This message often points to improper solutions/out-of-bounds parameter estimates/Heywood cases. You can check the completely standardized solution ("std.all" in lavaan, see https://rdrr.io/cran/lavaan/man/standardizedSolution.html) for latent correlation estimates > |1|. This warning message may also point to zero or negative latent variance estimates (less likely for a CFA model).
Also common when factors are highly correlated: this can be due to dependencies among more than 2 latent variables (one latent variable may be a perfect linear function of a set of other factors in the model, i.e., it is perfectly predictable from other factors). In that situation, there may be no single improper estimate in the output.
Do you have highly correlated factors in your model?
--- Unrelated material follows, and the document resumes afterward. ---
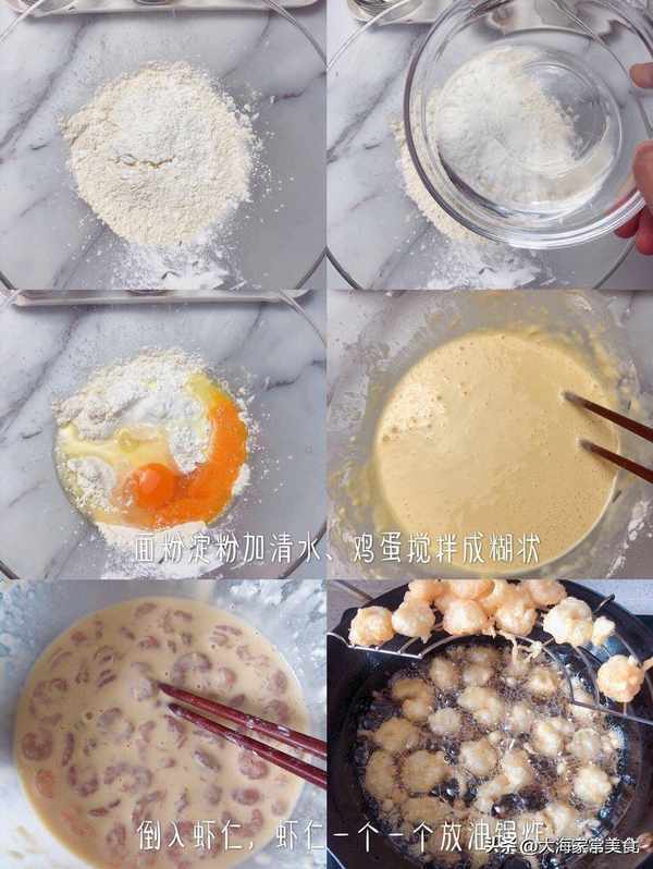 步驟四:面粉加淀粉,清水,雞蛋拌成面糊,把蝦仁倒入面糊之中,鍋裡放油,油熱後,把蝦仁一個一個的放入油鍋炸,榨汁表面酥脆,夾出。
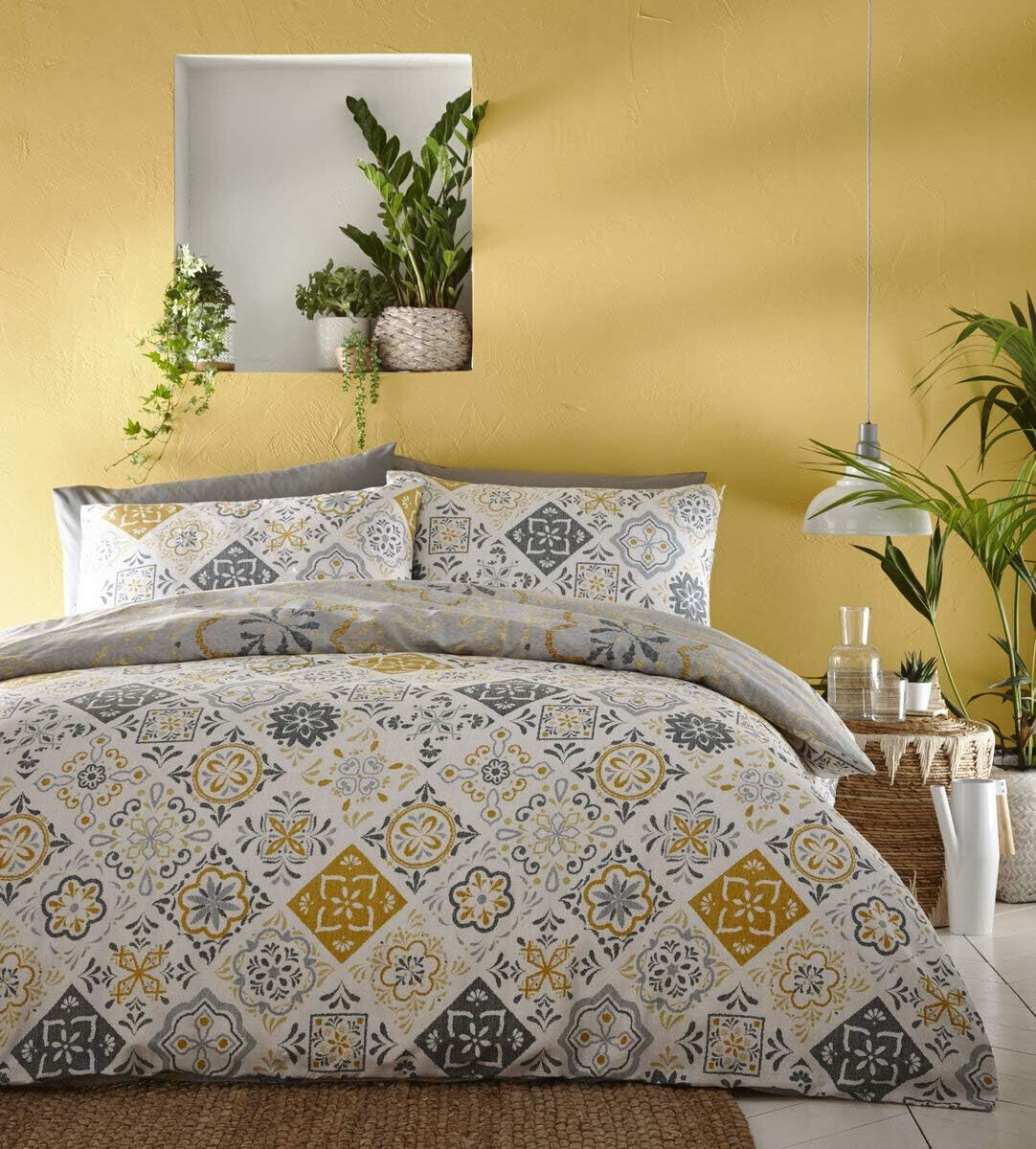 Portfollio Morocco Ochre Yellow Duvet Cover Reversible Bed Set Double Bed Size

It could be that some factors are so highly correlated (lack discriminant validity) that they could be collapsed into one factor.
To elaborate on Christian Geiser's comment, your five factors are indeed highly correlated in the "troublesome" adolescent sample:
F1,F2: .72
F1,F3: .82; F2,F3: .90
F1,F4: .68; F2,F4: .94; F3,F4: .79
F1,F5: .79; F2,F5: .82; F3,F5: .92; F4,F5: .89
So, the collinearity among the factors is clearly an issue. With relationships that strong, you may want to reconsider the factor structure. Either a second-order model or a single factor model might be viable options, given your results.